Some of the deaths are merely the result of negligence. Of the 580,000 animals the center has housed since 1985, at least 6,500 have starved to death. Mastitis, an easily treated infection of the udder, has killed more than 625. 

Even among these figures, one story sticks out in its sheer brutality. Keen recalled an incident from when he first started working at the center, where he was called by a fellow worker to assist with a "downed cow" in an experiment. "There was a young cow, a teenager, with as many as six bulls," he told the New York Times

"The bulls were being studied for their sexual libido, and normally you would do that by putting a single bull in with a cow for 15 minutes. But these bulls had been in there for hours mounting her." The cow's head had been immobilized for the experiment, her head locked in a cage-like device. "Her back legs were broken. Her body was just torn up." Keen wanted to euthanize the animal, but was required to gain permission from the scientist in charge of the experiment, who could not be tracked down. It took hours for the cow to die.

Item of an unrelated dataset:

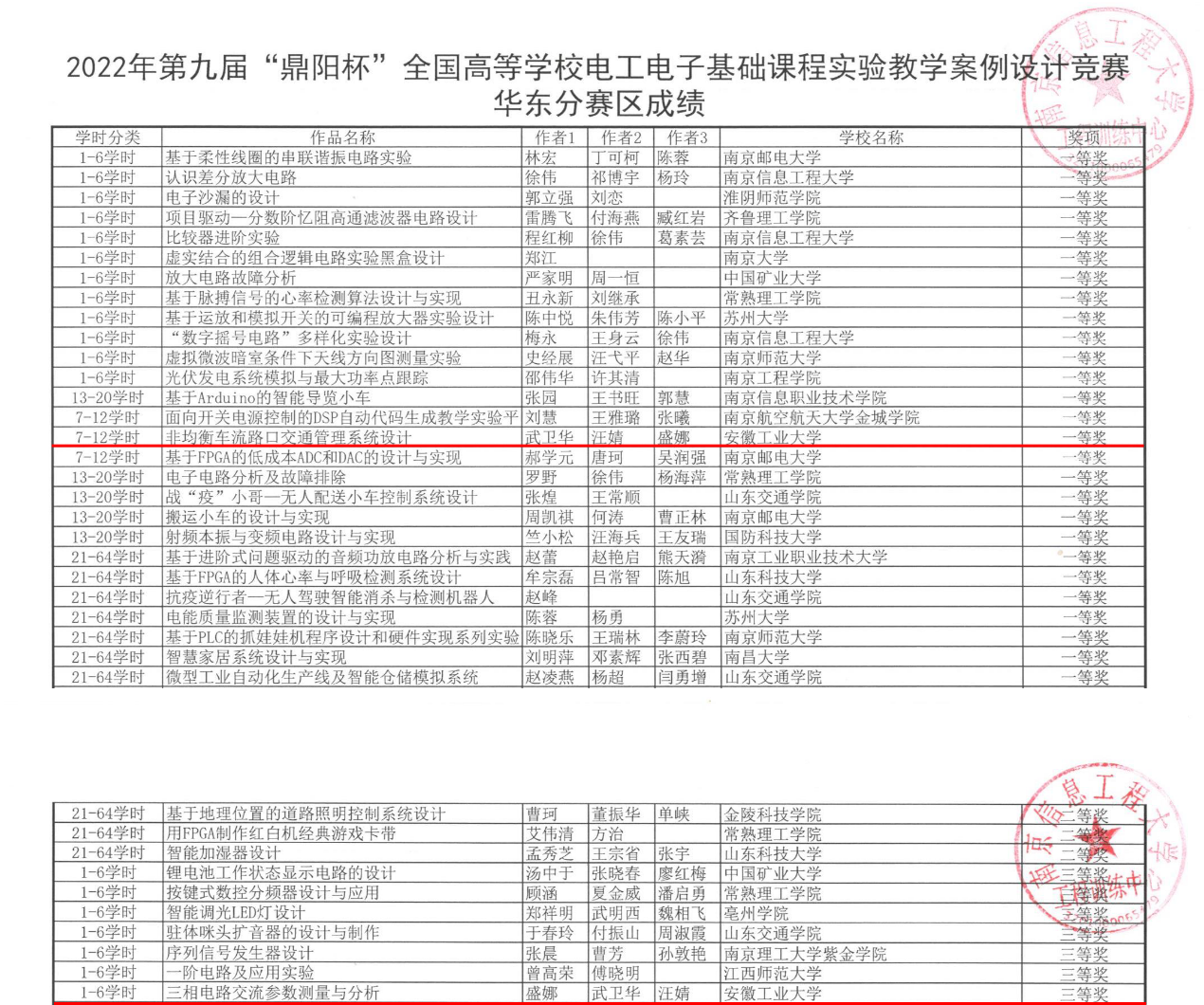 该赛事由中国电子学会与国家级实验教学示范中心联席会电子学科组联合举办,旨在进一步推动电工电子基础课程实验教学内容探索、工程实践、自主创新的改革,促进实验教学水平与教学质量的提升,推广各高校实验教学优秀教学资源共享,激发广大教师开展实验教学建设与改革热情。本次华东分赛区六省一市共有51所高校135支队伍参赛,涉及电路基础与电路分析、信号与系统、信号处理、电工学、电子技术-数电与模电、模拟电子电路-电子线路、电子电路综合设计、电子系统设计等课程的实验教学内容。参赛队伍中有107支队伍获奖,其中一等奖27支,二等奖43支,三等奖37支。

The incident highlights the tensions between the center's researchers, whose goal is to lower the price of American meat, and its veterinarians, who have sworn an oath to treat animals humanely. At the center, the researchers clearly have the upper hand: The center's 30,000 animals are tended by roughly 44 scientists and 73 technicians, none of whom have medical or veterinary degrees. The work of euthanizing and operating on livestock is routinely performed by assistants, who occasionally perform two or more major surgical operations on the same animal.

John Klindt, a scientist who retired in 2008, defended the practice of letting untrained researcher perform live animal surgery. "A vet has no business coming in and telling you how to do it," he told the New York Times. "Surgery is an art you get through practice." Also, medical school.

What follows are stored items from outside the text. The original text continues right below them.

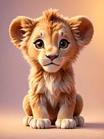 A.I. portret van een schattig leeuwtje met prachtige pastel kleurige achtergond in paars en oranje. Zeer geschikt werk voor in een kinderkamer in jungle stijl of boven het bedje van je baby.
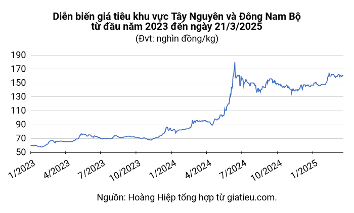 Theo khảo sát, giá tiêu sáng nay giao dịch ở mức 159.500 – 160.500 đồng/kg, tăng nhẹ 500 đồng/kg tại khu vực Đông Nam Bộ và ổn định tại Tây Nguyên.
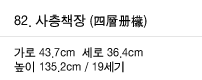 | 서책 (書冊)을 수장하는 책장으로 다른 장과 다르게 책장의 문턱이 거의 없게 평평하게 만드는 것이 일반적이다. 이 책장은 여러 가지 나무를 사용하여 만든 것으로 특히 문짝 앞판의 뒷면, 즉 내부에는 오동나무를 써서 해충과 습기를 막았다. 2층과 4층 위에는 하나의 긴 서랍으로 꾸며졌다. 각 여닫이 문짝의 나무 무늬는 서로 대칭되게 꾸며졌으며 중앙부에 자물쇠가 붙었다. 기둥이 내려와 짧은 기둥을 이루어 바닥에서 띄어 놓았으며 앞면에는 얇게 風穴을 주어 꾸며졌다.
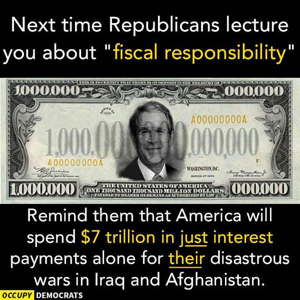 @GOP FUCK UP GWB put 2WARS onOUR CREDIT CARD?Why didn't he PAY IN CASH B4 he left office?@RandywheadMD1pic.twitter.com/Kc2nf1qlAr

Consumers don't want to consume meat made this way. Americans confronted by books like Fast Food Nation, documentaries like Food Inc. and appalling reports like this have been turned off by meat, with consumption of red meat dropping in the United States for the first time in decades. More and more frequently, consumers scandalized by the horrors of factory farms, pink slime, runoff lagoons and the flagrant human rights abuses conducted in American abattoirs are turning to humanely raised meat, or no meat at all.

With stories like these, we can't blame them.